A U.S. Senate Committee on Foreign Relations report, accusing China of promoting an authoritarian atmosphere in cyberspace, says that the Venezuelan regime has taken full advantage of China’s hardware and services to control Venezuelans.
The report, commissioned by Democrat Senator Bob Menéndez, says that Venezuela owns internet and mobile network equipment, intelligent monitoring systems, and face recognition technology that has been developed and set up by Chinese companies.
Government officials have also traveled to China to take part in information management seminars.
“The regime,” the report says, “uses these technologies to censor and control its critics by blocking social media platforms and political content, using pro-regime commentators to manipulate online discussions, stifling content critical of Maduro, increasing surveillance of citizens, tracking and detaining government critics, and accessing the data of human rights organizations.”
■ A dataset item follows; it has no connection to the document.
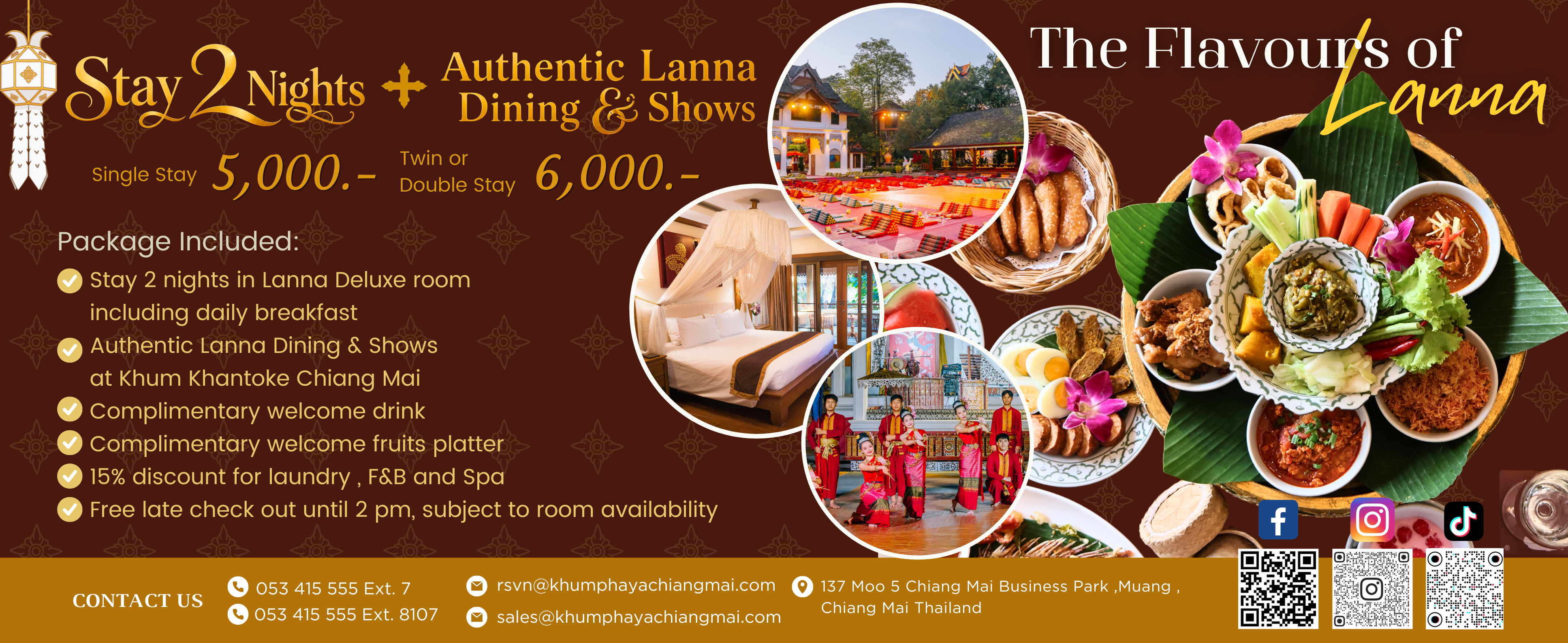 สัมผัสอรรถรสแห่งล้านนาแท้ กับแพ็กเกจ The Flavours of Lanna อิ่มเอมกับเสน่ห์เมืองเหนือ สัมผัสประสบการณ์พักผ่อนเหนือระดับ พร้อมดินเนอร์ขันโตกแบบล้านนาแท้ และตื่นตาตื่นใจไปกับการแสดงศิลปวัฒนธรรมล้านนา ณ "คุ้มขันโตก" เชียงใหม่

According to the document, the Chinese telecommunications company ZTE has helped the Nicolás Maduro regime to create the Venezuelan Fatherland Card, something critics have said is used to exert tougher social control over the population.
According to employees of the institution in charge of the card system, the database stores birthdates, family, employment and income, private property, medical history, state benefits, social media presence, political party affiliation, and voting records.
ZTE has also supported Maduro in building six emergency response centers in larger cities and in centralizing the government’s video surveillance.
The Menéndez report
The Senate Committee on Foreign Relations requested the report, which was signed by Menéndez and prepared after reviewing documentation and interviewing former government officials and nongovernmental experts.
The report documents how the Chinese government creates a legal framework to strengthen the Communist Party’s manipulation of tools of “digital authoritarianism” to export it abroad.
“The People’s Republic of China is pressing forward […] to build and expand digital authoritarianism through economic, political, diplomatic, and coercive means at home and abroad,” the 61-page document says.